▸ **Exercise directions**: Only an exact repeat of the listing, without its images, counts as the answer.

▸ **Data section**:
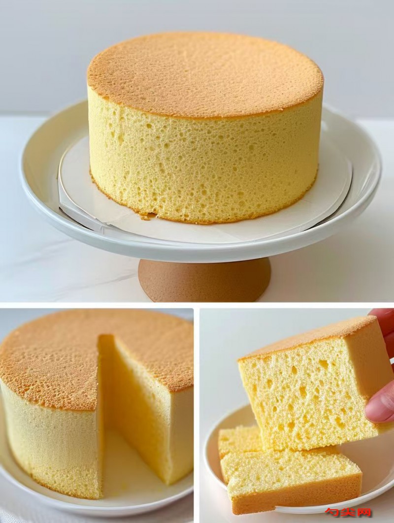 工藝:將低筋面粉和泡多源G混合均勻過篩備用。雞蛋分離蛋黃和蛋白,蛋白放入干凈無水的盆中備用。蛋黃中加入細砂糖,用打蛋器攪拌均勻至顏色變淺,然后加入玉米油和牛奶,繼續攪拌均勻。將混合好的低筋面粉和泡多源G篩入蛋黃糊中,同時加入美久亭Q溶液,用切拌的手法攪拌均勻至無干粉狀態。蛋白中加入幾滴檸檬汁,用電動打蛋器打發至濕性發泡,即提起打蛋器蛋白霜呈彎鉤狀。將打發好的蛋白霜分三次加入蛋黃糊中,每次用切拌的手法攪拌均勻,再加入下一次,直至面糊呈細膩有光澤的狀態。將面糊倒入模具中,摔幾下模具震出大氣泡。烤箱預熱至160度,將模具放入烤箱中層,上下火烤制40-45分鐘。烤制過程中,蛋糕會膨脹并上色,需注意觀察火候,避免烤焦。出爐后,立即將蛋糕從模具中倒扣出來,放在冷卻架上晾涼。待蛋糕完全冷卻后,即可脫模,切片享用。
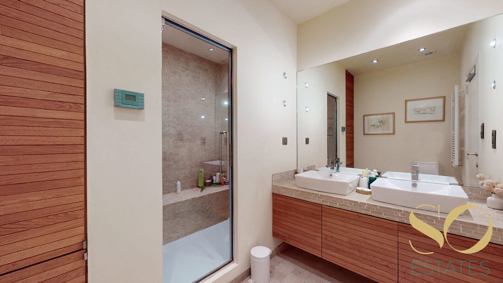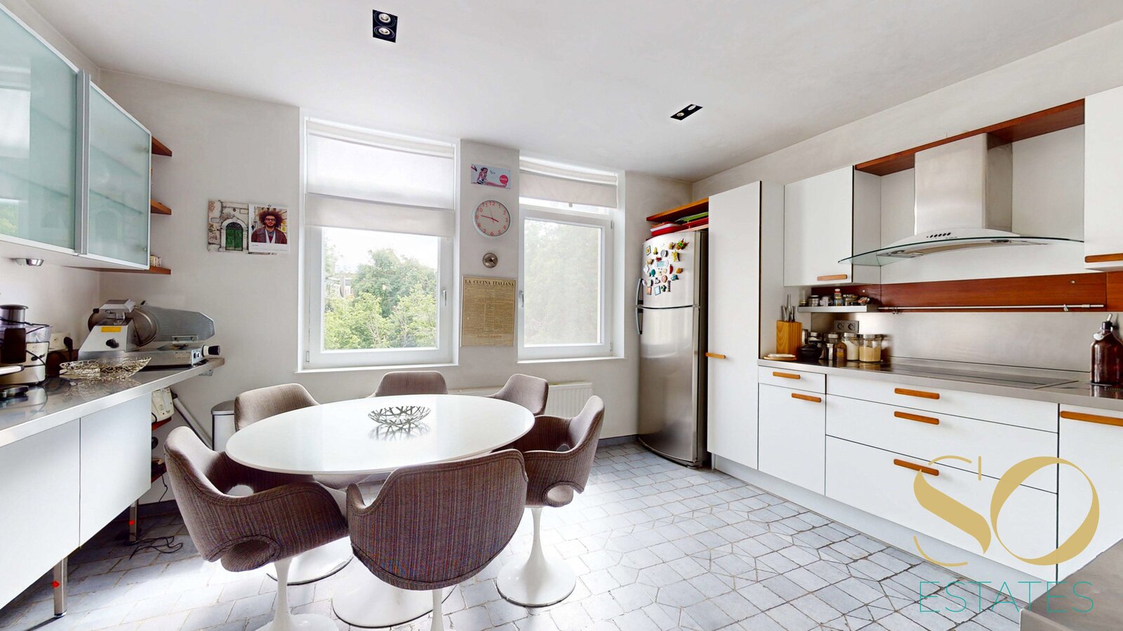 Ce bien se compose d'un hall d'entrée avec WC invité, d'une cuisine super équipée, d'une chambre d'invité avec dressing menant à une salle de bains avec hammam/sauna, de trois superbes pièces en enfilade très lumineuses pour le salon et la salle à manger, et d'un bureau pouvant servir de chambre. Le tout avec des hauteurs sous plafond impressionnantes et des puits de lumière.
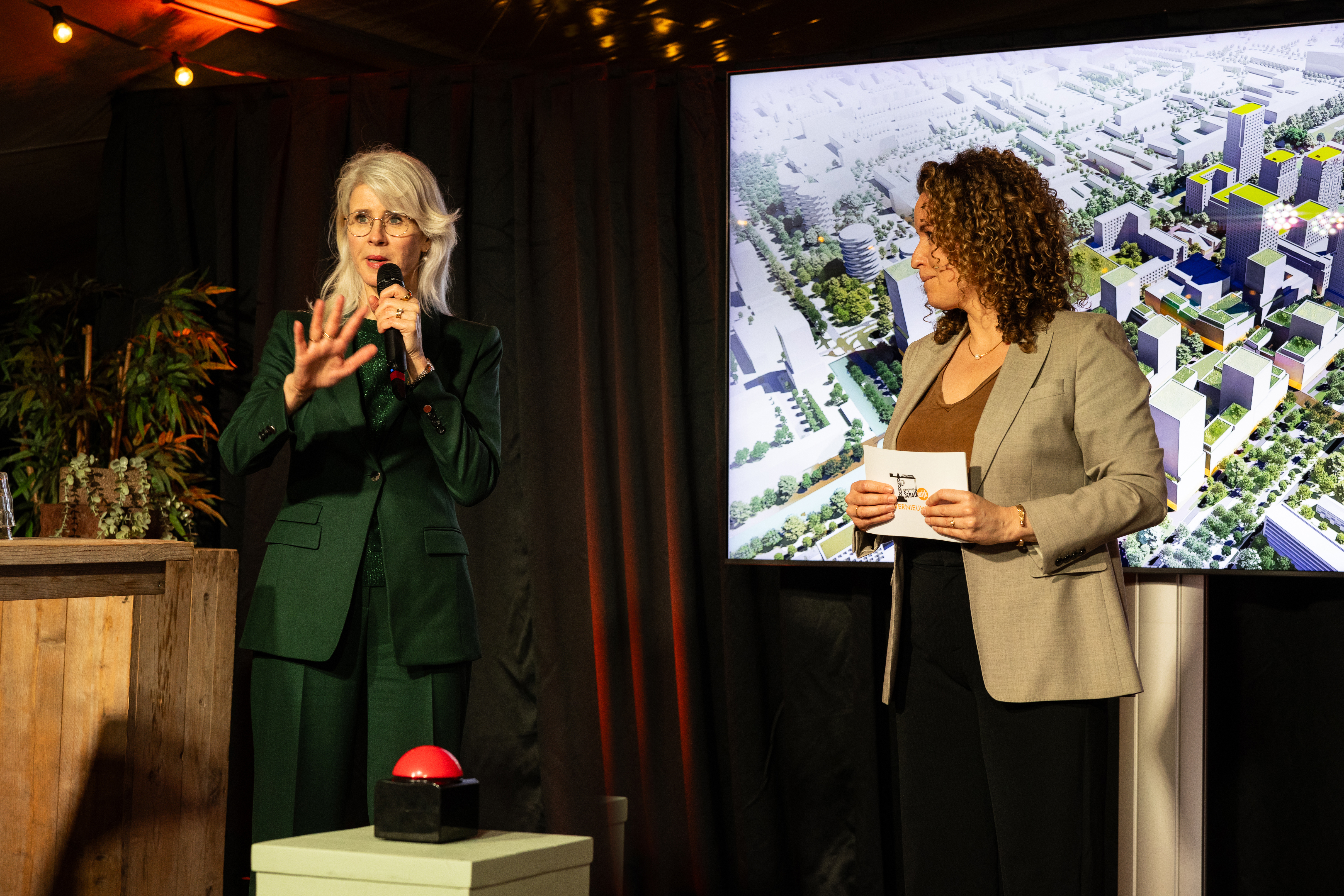 Minister Mona Keijzer had ook al wat meters gemaakt. Voor ze het publiek in de feesttent toesprak werd ze, vergezeld door een cameraploeg van tv-programma Nieuwsuur, nog rondgeleid in het ‘oude centrum’. Hier voegen de partners straks, zo snel als het licht, 1200 woningen toe.

▸ **Response**:
 工藝:將低筋面粉和泡多源G混合均勻過篩備用。雞蛋分離蛋黃和蛋白,蛋白放入干凈無水的盆中備用。蛋黃中加入細砂糖,用打蛋器攪拌均勻至顏色變淺,然后加入玉米油和牛奶,繼續攪拌均勻。將混合好的低筋面粉和泡多源G篩入蛋黃糊中,同時加入美久亭Q溶液,用切拌的手法攪拌均勻至無干粉狀態。蛋白中加入幾滴檸檬汁,用電動打蛋器打發至濕性發泡,即提起打蛋器蛋白霜呈彎鉤狀。將打發好的蛋白霜分三次加入蛋黃糊中,每次用切拌的手法攪拌均勻,再加入下一次,直至面糊呈細膩有光澤的狀態。將面糊倒入模具中,摔幾下模具震出大氣泡。烤箱預熱至160度,將模具放入烤箱中層,上下火烤制40-45分鐘。烤制過程中,蛋糕會膨脹并上色,需注意觀察火候,避免烤焦。出爐后,立即將蛋糕從模具中倒扣出來,放在冷卻架上晾涼。待蛋糕完全冷卻后,即可脫模,切片享用。
 Ce bien se compose d'un hall d'entrée avec WC invité, d'une cuisine super équipée, d'une chambre d'invité avec dressing menant à une salle de bains avec hammam/sauna, de trois superbes pièces en enfilade très lumineuses pour le salon et la salle à manger, et d'un bureau pouvant servir de chambre. Le tout avec des hauteurs sous plafond impressionnantes et des puits de lumière.
 Minister Mona Keijzer had ook al wat meters gemaakt. Voor ze het publiek in de feesttent toesprak werd ze, vergezeld door een cameraploeg van tv-programma Nieuwsuur, nog rondgeleid in het ‘oude centrum’. Hier voegen de partners straks, zo snel als het licht, 1200 woningen toe.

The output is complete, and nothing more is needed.